The statistics is well known. The literature is mature. So why doesn't every eval vendor ship this already? Three reasons:

It is dull. Implementing bootstrap CIs, McNemar, cluster bootstraps, and an MDE planner is not a sexy roadmap item. The teams that would do it are usually doing something else.
It requires giving up the easy headline. A statistically defensible release gate refuses some releases that would have shipped under a naive comparison. Vendors do not love saying "actually, your improvement is not significant".
It crosses team lines. The eval runner, the dashboard, the CI gate, the audit trail, and the SaaS billing are usually separate products with separate roadmaps. EVALSIG is the thin layer that joins them.

References¶

Anthropic Engineering, "Quantifying infrastructure noise in agentic coding evals," March 2025.
Mirzadeh et al., "GSM-Symbolic: Understanding the Limitations of Mathematical Reasoning in LLMs," Apple ML Research, Oct 2024.

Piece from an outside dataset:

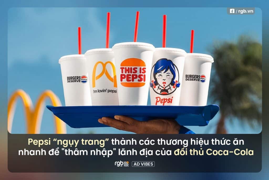 Biểu tượng kinh điển của McDonald’s được biến tấu thành hai chữ P với dòng chữ “Im Lovin’ Pepsi”, trong khi logo của Burger King tự tin khẳng định “This is Pepsi” với kiểu chữ retro. Thậm chí, mascot Wendy cũng được “làm mới” với mái tóc xanh, nháy mắt vui nhộn khi thưởng thức một ly Pepsi.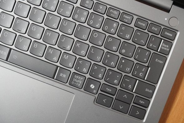 キーボードです。グレイのキーにホワイトの文字が刻印されていて、本体のカラーともマッチしています。

Zhao et al., "Calibrate Before Use: Improving Few-Shot Performance of Language Models," ICML 2021.
"Non-Determinism of Deterministic LLM Settings," arXiv:2408.04667.

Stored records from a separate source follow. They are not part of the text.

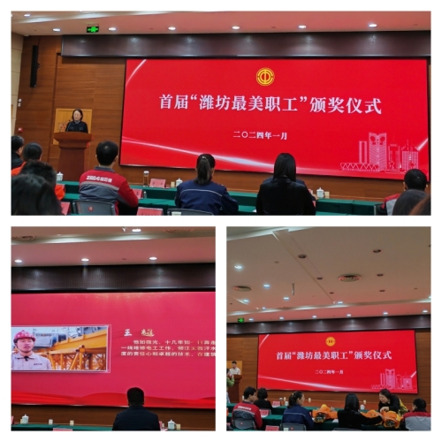 2024年1月19日上午,由市總工會舉辦的首屆“濰坊最美職工”頒獎儀式在濰坊市工人文化宮一樓西區(qū)104會議室隆重舉行。集團公司工會主席穆乃出席頒獎儀式。在首屆10名最美職工中,集團機施公司維修電工王超獲此殊榮。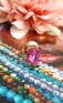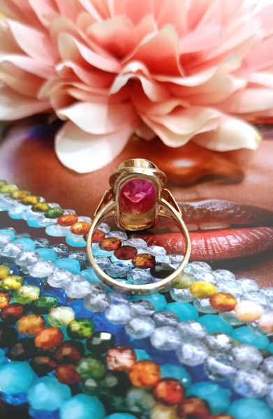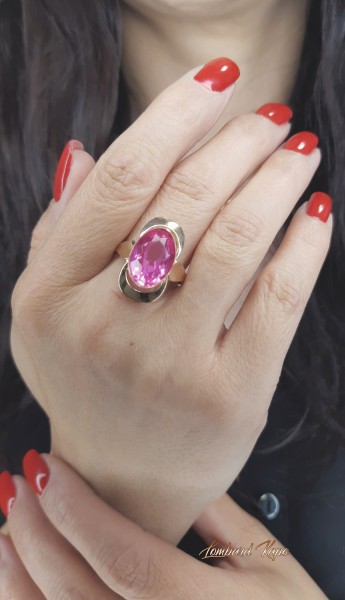 Przedmiotem sprzedaży jest pierścionek z różowym kamieniem, wykonany z 14-karatowego (p.583),różowego złota.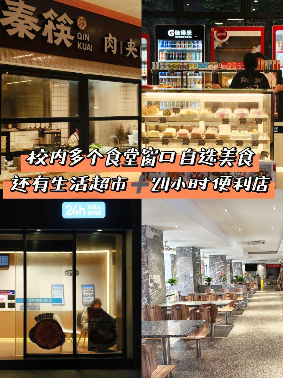 就餐环境:校内有多个食堂窗口,各种美食自己选择,除了食堂之外,校内还有生活超市和24小时便利店。

Thinking Machines, "Defeating Nondeterminism in LLM Inference," 2025.
Miller, "Adding Error Bars to Evals: A Statistical Approach to Language Model Evaluations," arXiv:2411.00640.
Howard, Ramdas, McAuliffe, Sekhon, "Time-uniform, nonparametric, nonasymptotic confidence sequences," Annals of Statistics, 2021.
Liang et al., "Holistic Evaluation of Language Models" (HELM), arXiv:2211.09110.
Benjamini, Hochberg, "Controlling the False Discovery Rate: A Practical and Powerful Approach to Multiple Testing," JRSS-B, 1995.